E por quê? Além da necessária publicização do uso de instrumentos públicos – mesmo defendendo a operação privada – será cômoda a seguinte equação: repassar recursos, retirar tributos, retirar a fiscalização, aceitar a composição da tarifa técnica, mesmo fora dos parâmetros dos editais e contratos.

Em Curitiba, entre 2017 e 2020, a tarifa técnica foi reajustada 25 vezes.
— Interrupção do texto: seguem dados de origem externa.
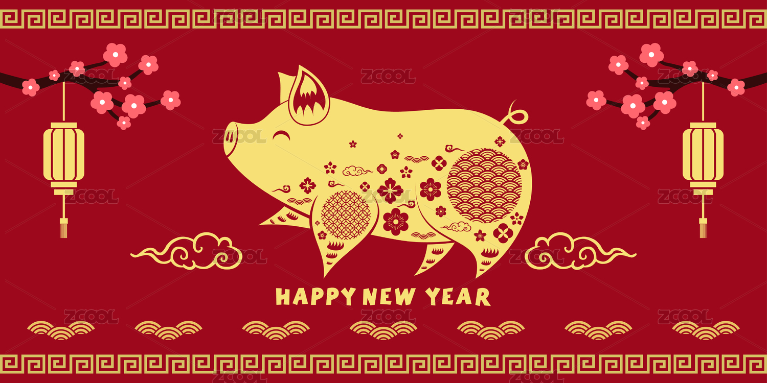 2019年猪年剪纸图案,中国传统图形符号,新年贺卡、海报、banner、横幅设计元素

Medida sem precedentes! E a maior parte, antes da pandemia e com efeito retroativo.

E no ano eleitoral – como tem sido comum em gestões sem responsabilidade fiscal – congela-se a tarifa do usuário (sendo justificadas tarifas diferenciadas, integradas, isenções) e aumenta-se a diferença com a tarifa técnica paga ao sistema.

Hoje, a tarifa técnica está em R$ 5,30 e a tarifa do usuário em R$ 4,50. Bomba-relógio para o próximo momento de reajuste!

Ou se tem uma ação articulada, nacional, decisiva ou o impacto vai além das empresas de ônibus. Desastre em qualidade de vida, ambiental, econômica – um dos mais importantes fatores de produtividade, ocupação do espaço e, claro, para um sistema amplo de mobilidade.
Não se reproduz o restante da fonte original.